As already mentioned, the prediction of future reading skills clearly depends on the accuracy with which prereading skills are measured. The results of the present study have confirmed earlier findings showing the precision of the measurement by a set of items to depend on the child’s actual level of ability. Valuable information has been provided on the utility of particular sets of items for kindergartners and first graders with different levels of ability. These findings further suggest that the influence of various aspects of phonological awareness on later reading skill may be constrained, which has also been found by de Jong and van der Leij (1999). In contrast to other studies and due to inaccurate measures, de Jong and van der Leij could not demonstrate that phonological awareness in kindergarten was related to later reading. This issue certainly merits further study and longitudinal study in particular to show which tasks best predict reading skill at different moments in a child’s development. Greater research on this topic is also of major importance for improved early screening of children who are possibly at risk for reading failure.

The present study can be seen as a first attempt to investigate the underlying structure of phonological awareness as regards Dutch language from an IRT perspective.
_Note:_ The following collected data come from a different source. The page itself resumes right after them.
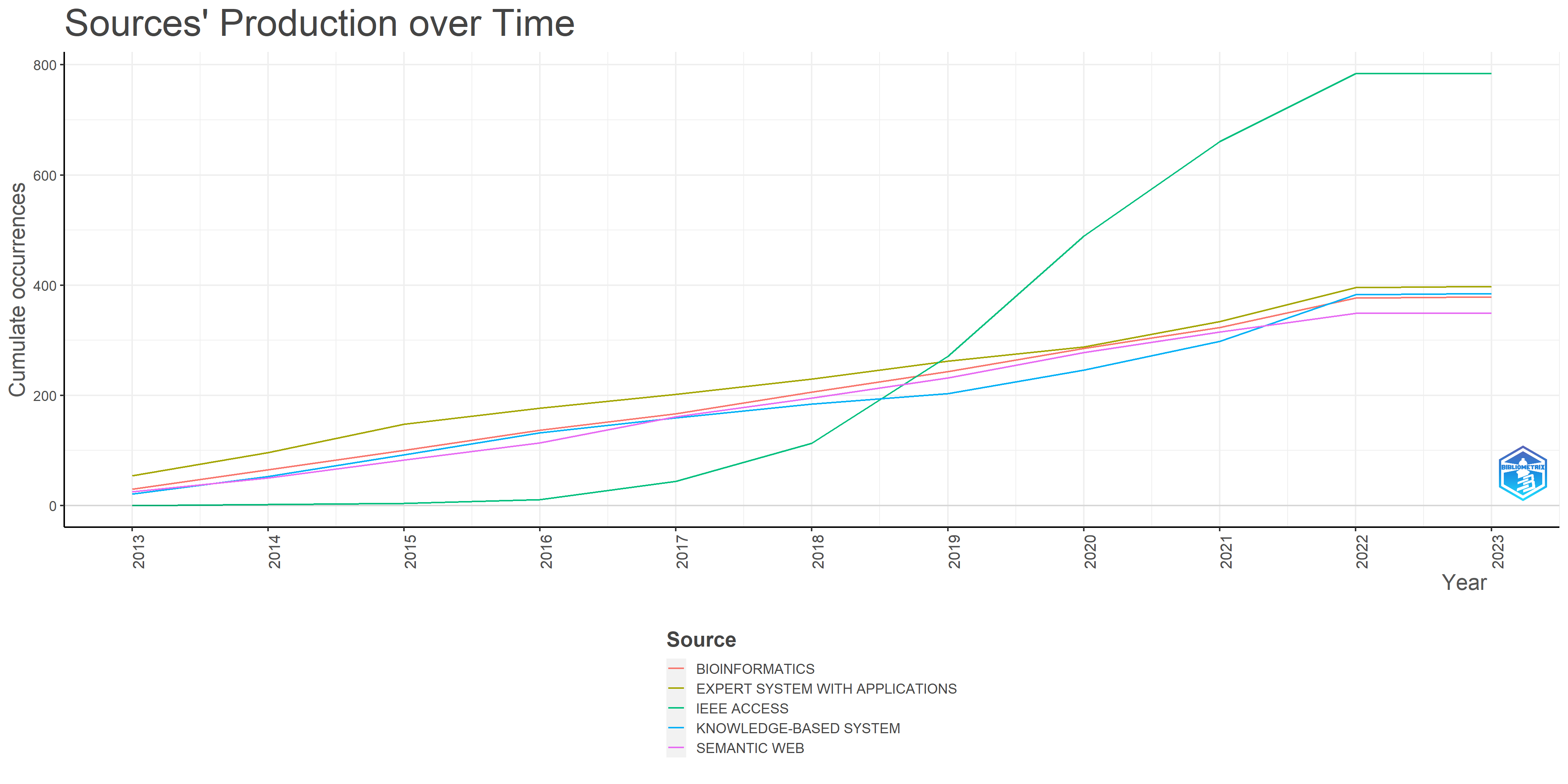 Between 2013 and 2023, an increase was observed in publications, particularly by IEEE Access, Expert System with Applications, Knowledge-Based System, Bioinformatics, and Semantic Web journals. Therefore, the journals have published a depth of knowledge and expertise on KGs and related subtopics. Fig. 4 depicts the sources’ publication over time.
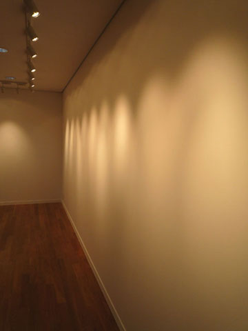 画廊の計画で重要な事は何より飾る絵が映える事ですが、日々のメンテナンスが容易な事も非常に重要になります。例えば毎回壁に絵を付け替えていくと段々と壁に釘後や凹凸が目立ってきてしまいます。そういった時にオーナー様がメンテナンスを容易に行えるよう工夫をしなければいけません。
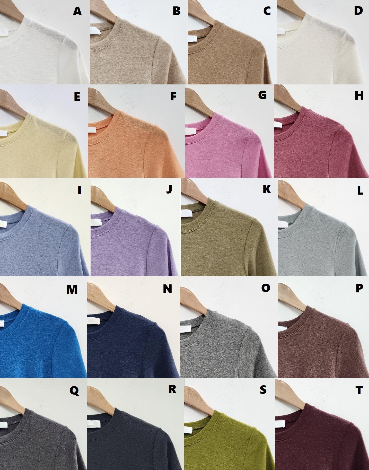 A純白, B燕麥, C深杏, D米白, E黃色, F橙色, G粉紅, H玫瑰, I天藍, J紫色, K卡其綠, L湖綠, M藍綠, N深藍, O中灰, P啡色, Q深灰, R黑色, S草綠, T酒紅

In a follow-up study, we will enlarge the sample size and also collect data about reading and spelling to be able to relate phonological awareness measures with reading and spelling measures.

Do the results of the present study also lead to recommendations for ongoing practice? On the one hand, we have demonstrated that the various sets of items measuring phonological awareness are represented by a single underlying ability. This means that practitioners can use the full scale as a sensitive screening instrument for phonological awareness. On the other hand, we have shown the cognitive task requirements of those sets of items to clearly differ. Given this finding, it is recommended that subscales be used to further diagnose the phonological awareness of children whose scores on the latent scale qualify them as at risk. Accordingly, specific phonological awareness training programs can then be implemented (Bus & van Ijzendoorn, 1999; Troia, 1999). More research is needed to solve this dilemma.